Are they out of administration yet?


----------



## nilanth (Mar 30, 2007)

The one in Argos if a piece of sh*t

I wasn't comparing just saying ML have nice watches

calm down mate


----------



## ronin (Sep 6, 2003)

nilanth said:


> The one in Argos if a piece of sh*t
> 
> I wasn't comparing just saying ML have nice watches
> 
> calm down mate


Calm down? - was hardly an angry post :roll:


----------



## Hilly10 (Feb 4, 2004)

ronin said:


> Hilly10 said:
> 
> 
> > If you want to check out IWCs pedigree take a look at their Grand Complication (Blitz watches)If only I had the dosh. Work of art
> ...


Wondered why the web site was down


----------



## Dr_Parmar (May 10, 2002)

IWC make some beauiful watches, I personally never had the need to own one, but I can understand where you are coming from.

Am really beginning to like the Panerai's at the moment, the watch place in jubilee place mall, here in canarywharf has started to sell them, they have about 3-4 pieces!

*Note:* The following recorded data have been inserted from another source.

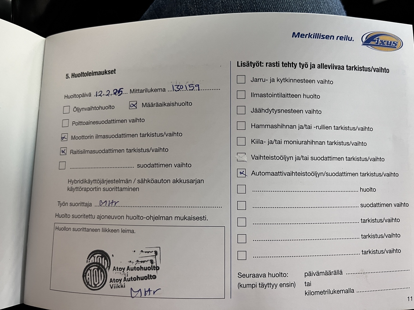 - Viimeisin huolto tehty 130 tkm 02/2025
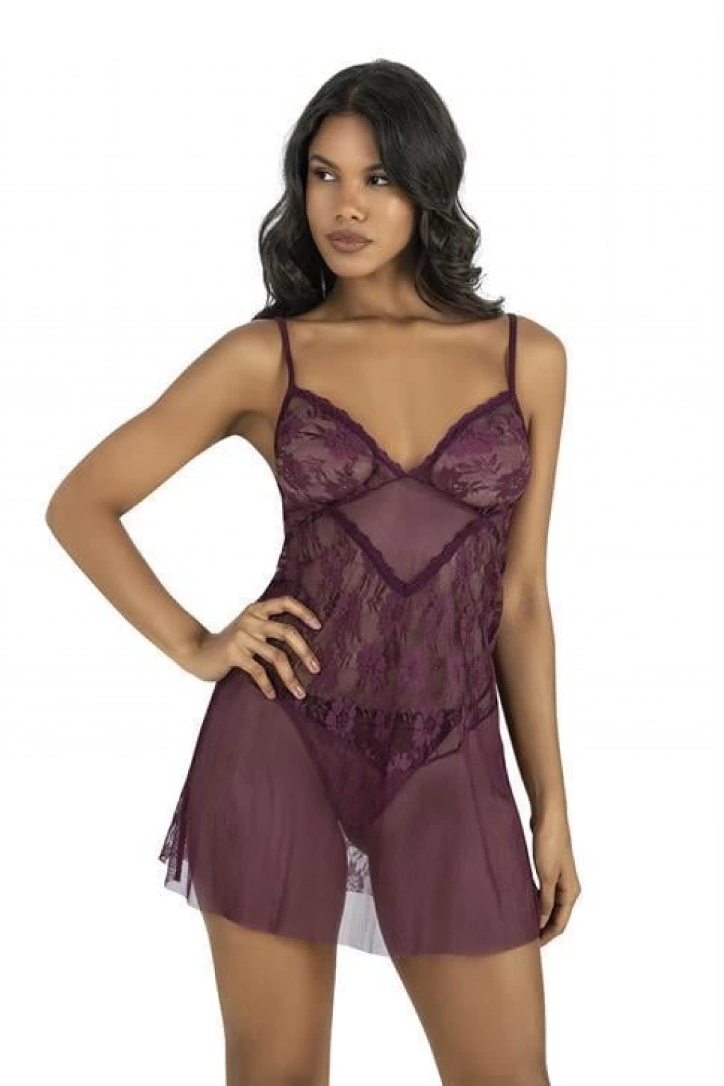 Secretsita Dantel İşlemeli Mürdüm Kısa Tül Gecelik
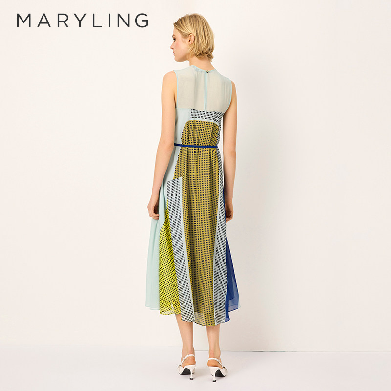 MARYLING玛俪琳2025初夏艺术拼色块印花无袖V领连衣裙A1FCW62860
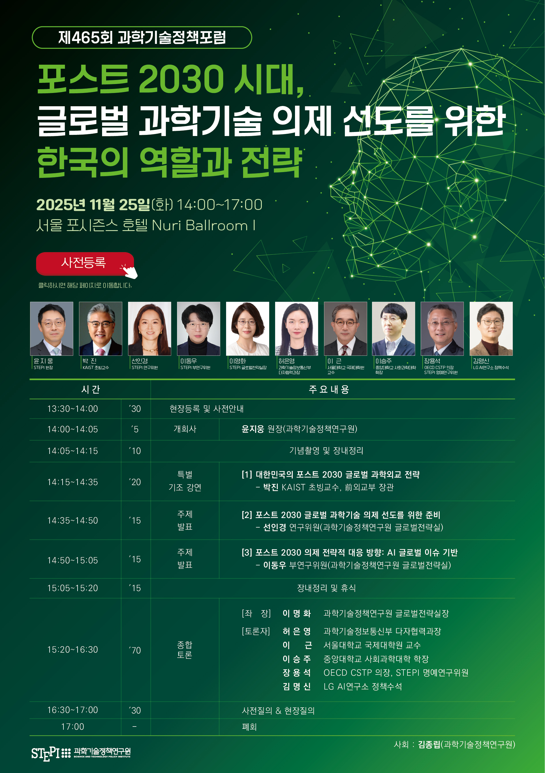 [제465회 과학기술정책포럼] 포스트 2030 시대, 글로벌 과학기술 의제 선도를 위한 한국의 역할과 전략

I find watches like Rolex / Breitling very good for daily wear, they are rugged, reliable and look good no matter what you wear, love mine to bits


----------



## rustyintegrale (Oct 1, 2006)

badger said:


> You'll get educated here - very knowledgable forum! http://www.tz-uk.com/forum/index.php
> 
> IWC very highly rated.


Wow, really interesting forum...

Watches are another passion as are old rangefinder cameras  

Cheers

Rich


----------